There are so many things wrong about the current tax debate it’s difficult to know where to begin. For a start, Australia is not a law-tax country. Second, the wealthy don’t get any special treatment from the country’s tax system. And third, the suggestion that multinational companies should pay tax, not according to what the law requires but according to the personal interpretation of politicians of what’s “fair”, is ludicrous – and dangerous.

Indeed, asking companies to voluntary pay a “fair” amount, as well as some conduct from recent Senate hearings, undermines the rule of law:

Two of the relevant principles of the rule of law are that laws must be understandable and they must be able to be obeyed. Because everyone’s definition of “fair” is different, it’s impossible for any company executive to ever know whether they have complied with the Labor/Greens specification of “fairness”. If Labor and the Greens want to change the tax laws affecting multinationals, by all means they can try. But in the meantime politicians should not be expecting anyone to obey their personal whims.

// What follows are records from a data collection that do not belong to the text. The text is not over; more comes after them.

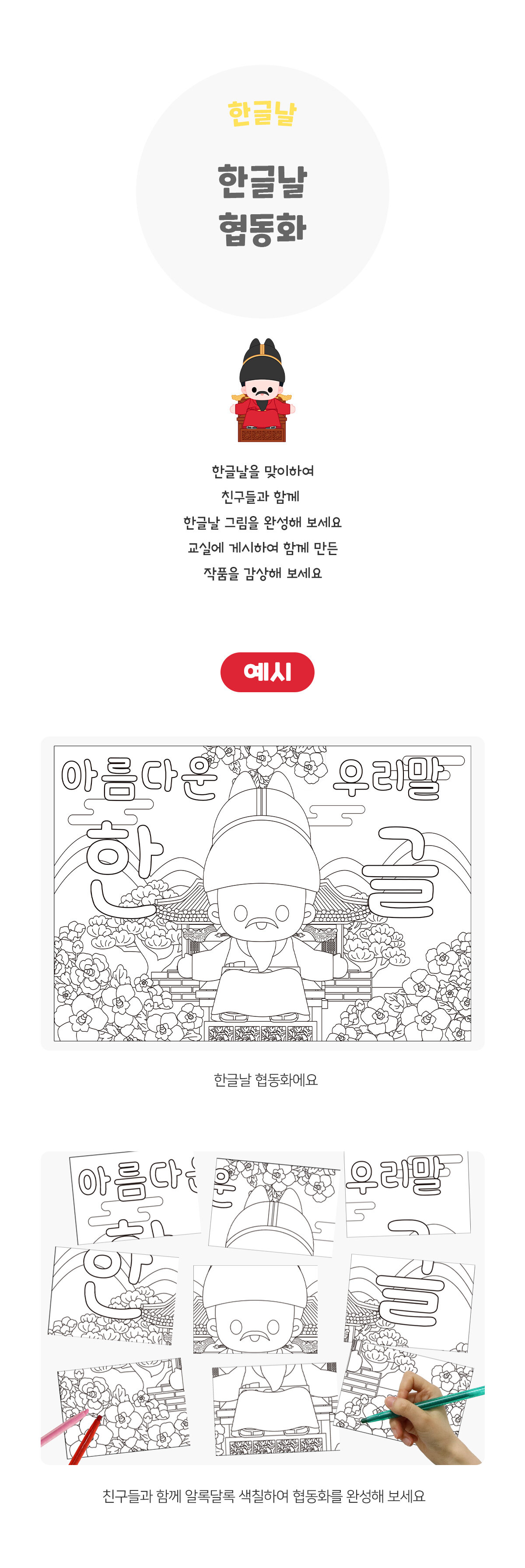 태그 : 한글날협동화, 우리나라, 한글날, 조선글날, 세종대왕, 집현전, 학자, 위인, 훈민정음, 한글, 국경일, 우리나라활동, 우리나라놀이, 우리나라도안, 한글날활동, 한글날놀이, 한글날도안, 10월9일, 협동화, 우리나라협동화, 콜라주, 모자이크, 협동화작품, 미술활동, 한글날색칠.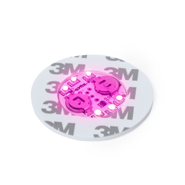 Origineller Untersetzer mit 6 LEDs zur Beleuchtung von Getränken. Mit Knopf am Sockel für verschiedene Beleuchtungspositionen: in festen oder gemischten Farben. Es wird mit einem Klebeband am Boden eines beliebigen Glases befestigt und wird von zwei Knopfzellen (im Lieferumfang enthalten) betrieben.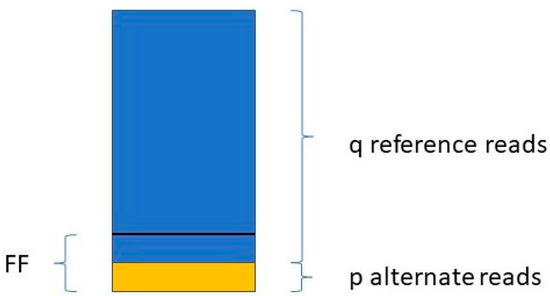 Jiang et al. [48] determine the FF in a similar way. They take only those variants into account where the mother is the homozygous reference (AA) and the fetus is heterozygous (AB). For a given variant, if the number of reads with the reference allele is q, and the number of reads with the variant allele is p (see Figure 1),

The former Labor minister Craig Emerson said in these pages a few days ago that the Senate hearings against multinational companies “involve an element of rough justice, since some of the corporations making invited appearances might have done little or nothing wrong”. What’s happening is worse – it’s a breach of the rule. If we’re now prepared to accept our elected representatives handing out “rough justice” the country is in even more trouble than we’ve realised.

On June 15 we’ll be celebrating the 800th anniversary of the Magna Carta. The achievement of the Magna Carta was that it began the process that replaced the arbitrary rule of kings with the rule of law. The recent behaviour of senators (Sam) Dastyari and (Christine) Milne isn’t very different from the “rough justice” that once upon a time King John handed out.

You can read the whole article here.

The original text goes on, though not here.